Dr. Ursula Föllner, Aktive in der Hochschulgruppe der Otto-von-Guericke-Universität Magdeburg und ehemalige Personalrätin, berichtet ausführlich über die Diskussionsveranstaltung „Wissenschaft in Aufruhr – Wie steht es um die Reform des Wissenschaftszeitvertragsgesetzes?“, die Ende Juni stattfand.

Foto: Sofia Kohler

„Wissenschaftszeitvertragsgesetz“ (WissZeitVG) – was für ein Wortungetüm! Aber die Wissenschaft ächzt weniger unter der Benennung des Gesetzes, das wesentliche Rechte und Sicherheiten des Arbeitsrechtes in staatlichen wissenschaftlichen Institutionen aushebelt.
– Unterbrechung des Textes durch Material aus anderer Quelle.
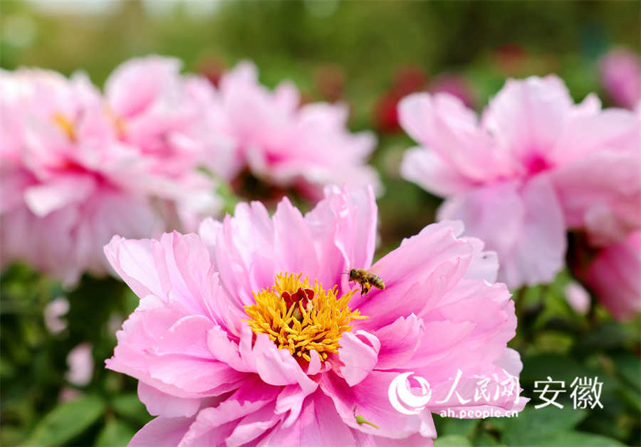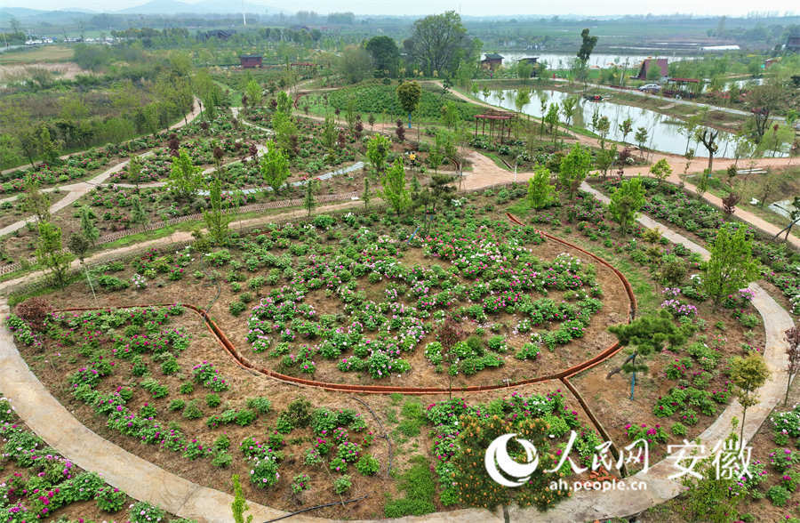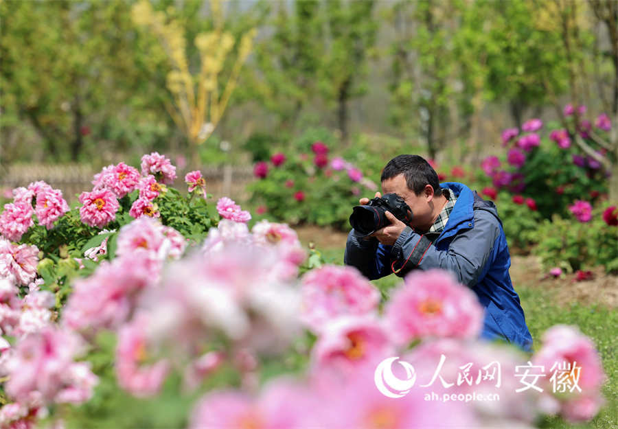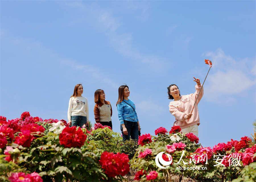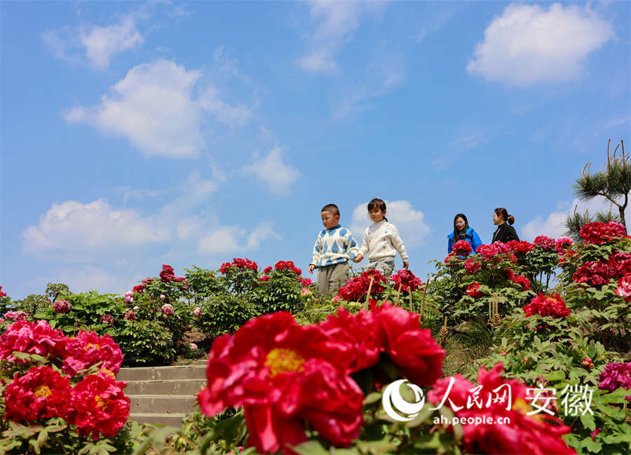 4月7日,合肥市肥东县长临河镇白马社区徽州牡丹生态产业园内,3万余株各色牡丹竞相绽放,将乡村装扮得分外多姿,吸引游客前来观赏游玩。

Man ist ja schließlich mittlerweile an verschleiernde Benennungen für unangenehme Sachverhalte gewöhnt, insbesondere wenn diese im Zusammenhang mit der Situation von Bildung und Wissenschaft in der Bundesrepublik Deutschland und deren Bundesländer stehen. Vielmehr ist es der Inhalt dieses Gesetzes, seine Regelungen, wie Arbeitsverträge zeitlich befristet geschlossen werden dürfen, der den Beschäftigten oder eben Nicht-Beschäftigten, aber auch den Verwaltungen, das Leben schwer macht.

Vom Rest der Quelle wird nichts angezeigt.